WORK REQUEST — An exact transcription is needed of the lines below from the one with "Càmera Pathé Baby dels anys 20." through the one with "FIG. 7. CAVART", with no other lines and no pictures.

SUPPLIED MATERIAL —
Segment Open

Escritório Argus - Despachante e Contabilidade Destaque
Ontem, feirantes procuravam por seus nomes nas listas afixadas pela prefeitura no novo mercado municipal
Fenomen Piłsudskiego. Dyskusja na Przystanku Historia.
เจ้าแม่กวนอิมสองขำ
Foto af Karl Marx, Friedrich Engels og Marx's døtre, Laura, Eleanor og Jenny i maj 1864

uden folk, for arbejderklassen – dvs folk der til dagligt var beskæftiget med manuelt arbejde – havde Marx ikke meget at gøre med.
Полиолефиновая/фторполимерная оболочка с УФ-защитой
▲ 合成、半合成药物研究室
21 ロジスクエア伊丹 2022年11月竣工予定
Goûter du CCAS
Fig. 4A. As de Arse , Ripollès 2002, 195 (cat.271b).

Segment Closed
Segment Open

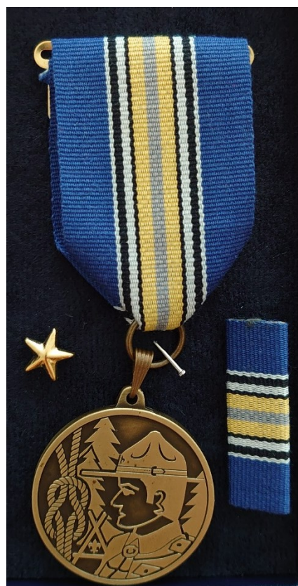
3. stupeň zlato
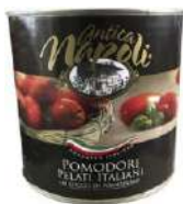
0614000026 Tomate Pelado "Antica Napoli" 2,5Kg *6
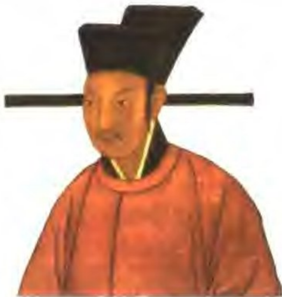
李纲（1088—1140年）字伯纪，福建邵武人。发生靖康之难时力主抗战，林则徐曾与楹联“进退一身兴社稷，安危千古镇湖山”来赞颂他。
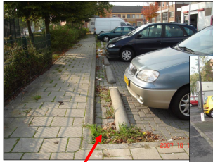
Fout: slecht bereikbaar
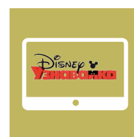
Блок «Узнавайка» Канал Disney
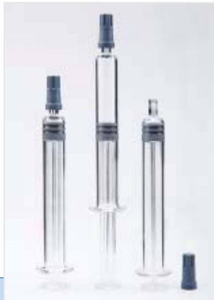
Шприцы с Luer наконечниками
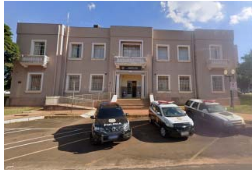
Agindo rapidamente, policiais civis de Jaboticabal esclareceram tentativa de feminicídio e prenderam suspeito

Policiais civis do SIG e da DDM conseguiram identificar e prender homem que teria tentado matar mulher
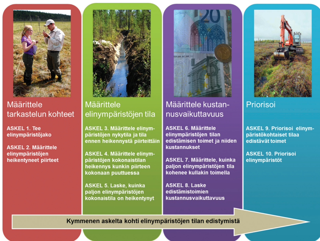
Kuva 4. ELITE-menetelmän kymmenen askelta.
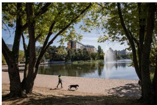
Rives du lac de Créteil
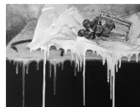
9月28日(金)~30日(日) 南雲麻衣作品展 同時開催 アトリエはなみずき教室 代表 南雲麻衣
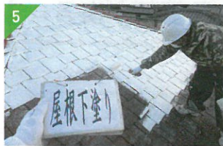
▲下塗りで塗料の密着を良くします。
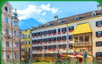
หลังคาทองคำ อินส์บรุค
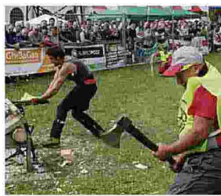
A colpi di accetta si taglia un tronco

Segment Closed
Segment Open

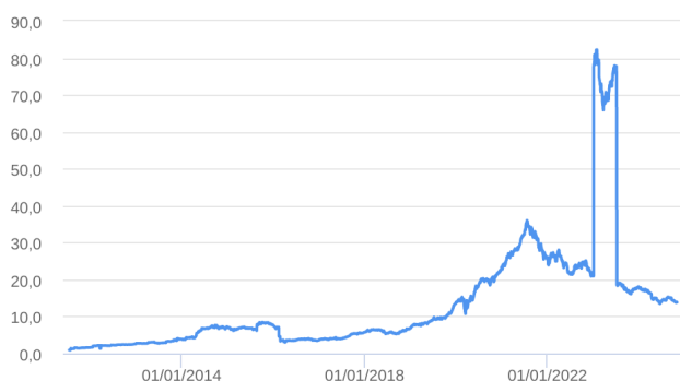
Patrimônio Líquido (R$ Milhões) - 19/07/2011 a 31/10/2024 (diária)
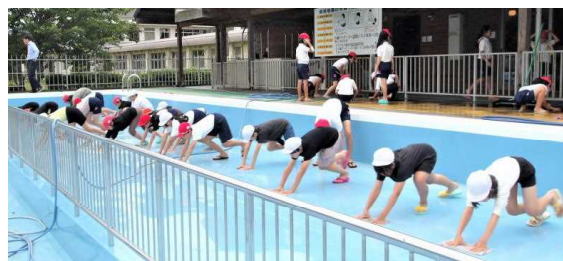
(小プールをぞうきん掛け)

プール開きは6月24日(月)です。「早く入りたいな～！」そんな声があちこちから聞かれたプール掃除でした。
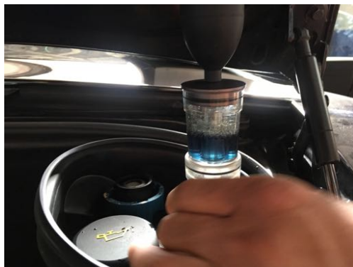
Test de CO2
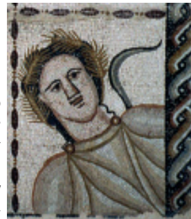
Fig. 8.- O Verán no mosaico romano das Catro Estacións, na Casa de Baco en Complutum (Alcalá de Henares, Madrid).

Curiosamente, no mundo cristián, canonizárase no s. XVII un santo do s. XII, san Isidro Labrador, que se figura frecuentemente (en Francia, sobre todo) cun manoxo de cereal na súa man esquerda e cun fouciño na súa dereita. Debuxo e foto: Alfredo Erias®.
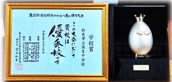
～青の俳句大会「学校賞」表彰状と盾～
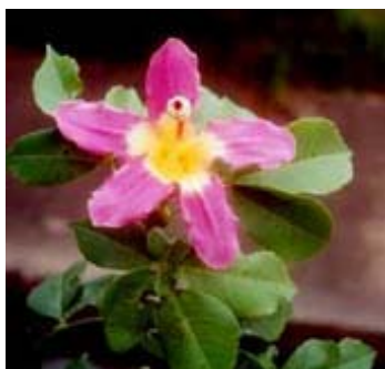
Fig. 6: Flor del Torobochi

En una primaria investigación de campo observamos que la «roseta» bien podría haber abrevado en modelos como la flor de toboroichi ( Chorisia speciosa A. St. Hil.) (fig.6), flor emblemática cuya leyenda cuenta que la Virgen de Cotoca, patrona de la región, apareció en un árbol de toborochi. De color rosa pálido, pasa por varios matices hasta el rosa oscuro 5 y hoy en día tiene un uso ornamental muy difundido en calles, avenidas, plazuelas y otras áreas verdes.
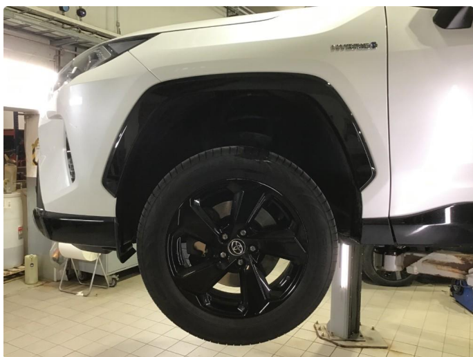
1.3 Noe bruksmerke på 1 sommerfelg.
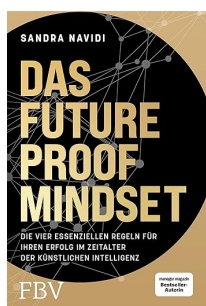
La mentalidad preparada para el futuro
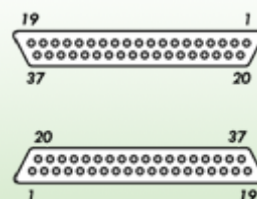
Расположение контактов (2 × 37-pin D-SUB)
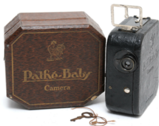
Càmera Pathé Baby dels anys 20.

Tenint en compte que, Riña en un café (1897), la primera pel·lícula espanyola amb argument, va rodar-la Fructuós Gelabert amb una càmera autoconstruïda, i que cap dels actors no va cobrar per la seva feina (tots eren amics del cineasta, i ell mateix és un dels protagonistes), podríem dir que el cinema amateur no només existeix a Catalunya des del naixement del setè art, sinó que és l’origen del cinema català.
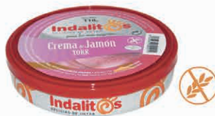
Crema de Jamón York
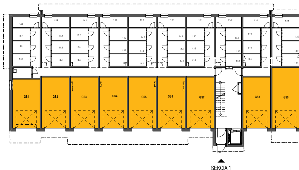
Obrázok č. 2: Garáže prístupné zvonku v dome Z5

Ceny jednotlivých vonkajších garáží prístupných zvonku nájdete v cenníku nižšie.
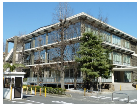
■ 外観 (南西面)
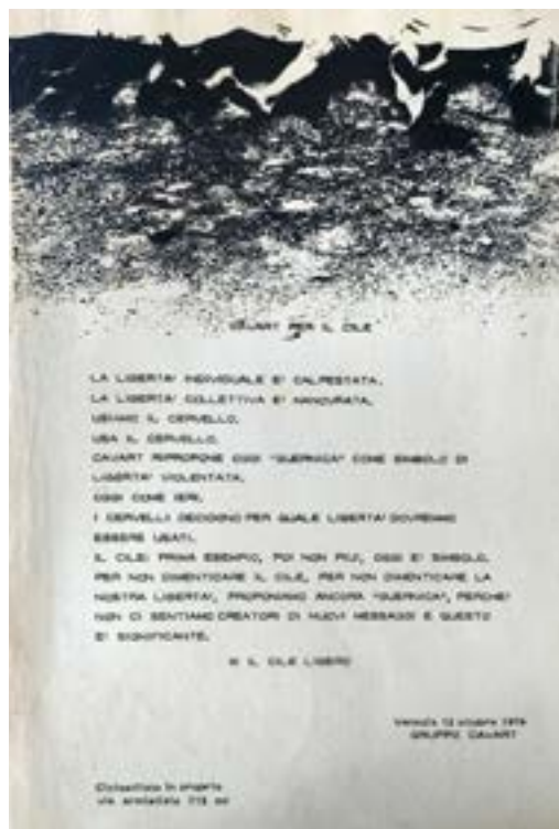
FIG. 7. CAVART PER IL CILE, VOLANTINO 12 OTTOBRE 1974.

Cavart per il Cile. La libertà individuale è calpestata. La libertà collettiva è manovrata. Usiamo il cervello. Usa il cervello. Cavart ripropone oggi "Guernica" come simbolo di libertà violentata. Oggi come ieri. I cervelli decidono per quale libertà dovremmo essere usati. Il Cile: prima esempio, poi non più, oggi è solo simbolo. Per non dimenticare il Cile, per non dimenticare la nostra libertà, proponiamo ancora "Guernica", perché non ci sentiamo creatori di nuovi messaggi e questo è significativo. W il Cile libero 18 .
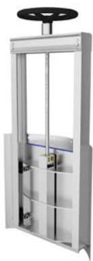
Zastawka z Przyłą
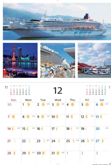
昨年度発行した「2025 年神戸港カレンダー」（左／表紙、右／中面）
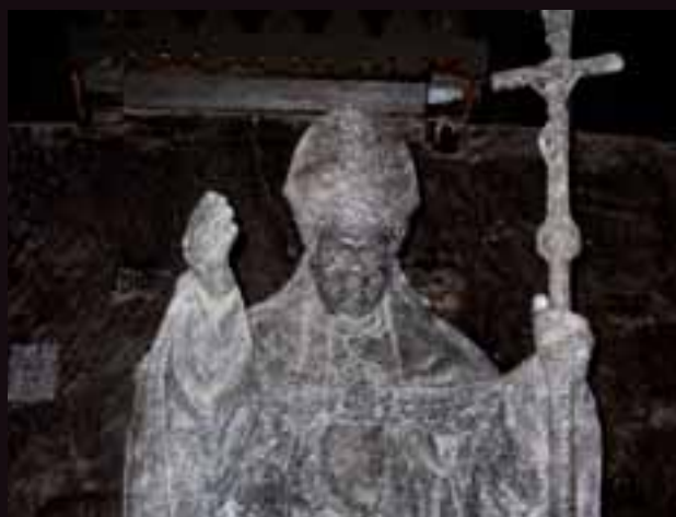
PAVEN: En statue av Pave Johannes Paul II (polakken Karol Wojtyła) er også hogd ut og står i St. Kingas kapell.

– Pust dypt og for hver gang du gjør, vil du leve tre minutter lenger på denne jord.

Segment Closed

SOLUTION —
Càmera Pathé Baby dels anys 20.

Tenint en compte que, Riña en un café (1897), la primera pel·lícula espanyola amb argument, va rodar-la Fructuós Gelabert amb una càmera autoconstruïda, i que cap dels actors no va cobrar per la seva feina (tots eren amics del cineasta, i ell mateix és un dels protagonistes), podríem dir que el cinema amateur no només existeix a Catalunya des del naixement del setè art, sinó que és l’origen del cinema català.
Crema de Jamón York
Obrázok č. 2: Garáže prístupné zvonku v dome Z5

Ceny jednotlivých vonkajších garáží prístupných zvonku nájdete v cenníku nižšie.
■ 外観 (南西面)
FIG. 7. CAVART PER IL CILE, VOLANTINO 12 OTTOBRE 1974.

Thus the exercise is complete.